In conclusion, this model of God’s interaction with the world as including a whole–part influence has proved, in my view, to be a promising path to take in our exploration from science towards an understanding of God’s special providence and has indeed been adopted by other thinkers, though often in combination with other, less warranted bottom-up proposals, such as those involving chaotic systems and/or quantum events.

God as ‘personal agent’ in the world

I hope the model as described so far has a degree of plausibility in depending on an analogy only with complex natural systems in general and on the way whole–part influence operates in them. It is, however, clearly too impersonal to do justice to the personal character of many (but not all) of the profoundest human experiences of God. So there is little doubt that it needs to be rendered more cogent by the recognition that, among natural systems, the instance par excellence of whole–part influence in a complex system is that of personal agency. Indeed I could not avoid, above, speaking of God’s ‘intentions’ and implying that, like human persons, God had purposes to be implemented in the world. For if God is going to affect events and patterns of event in the world, then we cannot avoid attributing the personal predicates of intentions and purposes to God – inadequate and easily misunderstood as they are. So we have to say that though God is ineffable and ultimately unknowable, yet God is ‘at least personal’ and that personal language attributed to God is less misleading than saying nothing!

We can now legitimately turn to the exemplification of whole–part influence in the mind–brain–body relation (pp.59ff.) as a resource for modelling God’s interaction with the world. When we do so the ascendancy of the ‘personal’ as a category for explicating the wholeness of human agency comes to the fore and the traditional, indeed biblical, model of God as in some sense a personal agent in the world is rehabilitated. It is re-established here in a quite different metaphysical, non-dualist framework from that of much traditional theology but now consistently with the understanding of the world which the sciences provide. Accounts of religious experience are, of course, deeply suffused with the language of personal interaction with God and at this point our philosophical and theological explorations towards God begin to make contact with the common experiences of believers in God.

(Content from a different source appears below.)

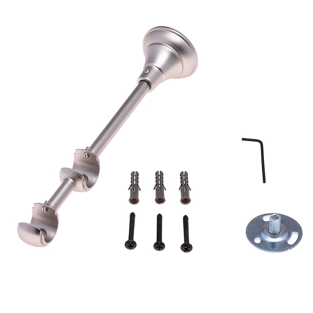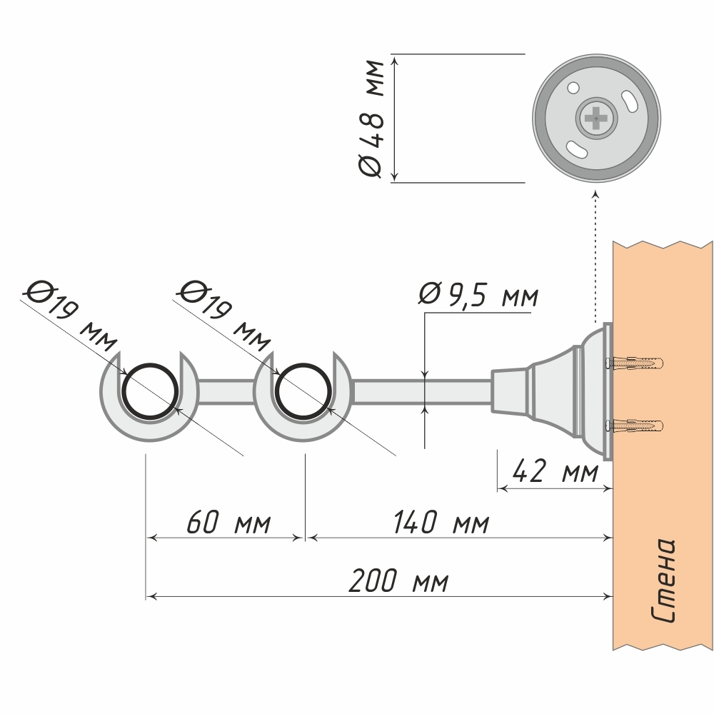 Дизайн кронштейна выполнен в традиционном стиле, что делает его универсальным выбором для любого интерьера. Расстояние между первым и вторым рядом составляет 60 мм. Благодаря этому, на первый ряд карниза можно повесить штору с люверсами или со шторной лентой «Имитация люверсов», портьера не будет касаться легкой тюля на втором ряду.
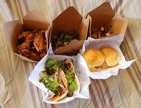 Back to the food from Dim Ssam… It was amazing! I tasted a variety of things. Juicy chicken wings with a soy-honey-ginger-pepper sauce that was not too hot but definitely flavorful. Kinchee made with French breakfast radishes, cucumber, bok choy and cilantro provided by the farm, and chunks of garlic, pickled in a peppery sauce that had a slight fermented kick. Grilled eggplant with garlic chives and a soy-based sauce. Pulled pork sandwich with a pinkish, zippy “kimchee” sauce. Crispy duck wrap with crunchy veggies, amazing sauces, and wreathed in fresh cilantro. Everything was so delicious, I wanted one of each from the truck, but my belly ran out of room. So leftovers went to James, the farm’s Intern Composter, who was wandering around hungry for food scraps, and happy for a taste of Sakaya cooking, yum!

When we were using non-human systems in their whole–part relationships as a model for God’s relation to the world in special providence, we resorted to the idea of a flow of information as a helpful pointer to what might be conceived as crossing the ontological gap between God and the world-as-a-whole. But now as we turn to more personal categories to explicate this relation and interchange, it is natural to interpret the flow of information between God and the world, including humanity, in terms of the communication that occurs between persons – rather in the way that a flow of information in the technical engineering sense transmutes, say in a telephone call, in the human brain into ‘information’ in the ordinary sense of the word, so that communication occurs between persons. Thus, whatever else may be involved in God’s personal interaction with the world, communication must be involved and this raises the question of to whom God might be communicating. There would not have been such intense investigations into scientific perspectives on divine action if it had not been the case that humanity distinctively and, it appears, uniquely has regarded itself as the recipient of communication from God. But in what ways has the reception of communication from God been understood and experienced?